G. Voegeli, M. L. Cléry-Melin, N. Ramoz, P. Gorwood

Abstract

Antidepressant drugs are widely prescribed, but response rates after 3 months are only around one-third, explaining the importance of the search of objectively measurable markers predicting positive treatment response. These markers are being developed in different fields, with different techniques, sample sizes, costs, and efficiency. It is therefore difficult to know which ones are the most promising. Our purpose was to compute comparable (i.e., standardized) effect sizes, at study level but also at marker level, in order to conclude on the efficacy of each technique used and all analyzed markers.

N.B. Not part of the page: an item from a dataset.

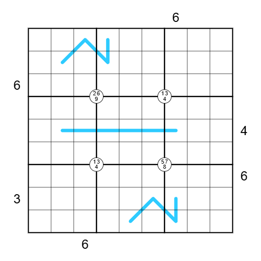 - Region Sum Lines: Box borders divide each blue line into segments with the same sum.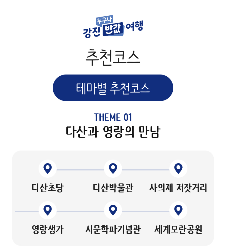 여행이 비싸다고 느껴졌다면, 이번 기회에 꼭 강진으로 반값여행을 떠나보세요.

We conducted a systematic search on the PubMed database to gather all articles published since 2000 using objectively measurable markers to predict antidepressant response from five domains, namely cognition, electrophysiology, imaging, genetics, and transcriptomics/proteomics/epigenetics. A manual screening of the abstracts and the reference lists of these articles completed the search process. Executive functioning, theta activity in the rostral Anterior Cingular Cortex (rACC), and polysomnographic sleep measures could be considered as belonging to the best objectively measured markers, with a combined d around 1 and at least four positive studies. For inter-category comparisons, the approaches that showed the highest effect sizes are, in descending order, imaging (combined d between 0.703 and 1.353), electrophysiology (0.294-1.138), cognition (0.929-1.022), proteins/nucleotides (0.520-1.18), and genetics (0.021-0.515). Markers of antidepressant treatment outcome are numerous, but with a discrepant level of accuracy. Many biomarkers and cognitions have sufficient predictive value (d ≥ 1) to be potentially useful for clinicians to predict outcome and personalize antidepressant treatment.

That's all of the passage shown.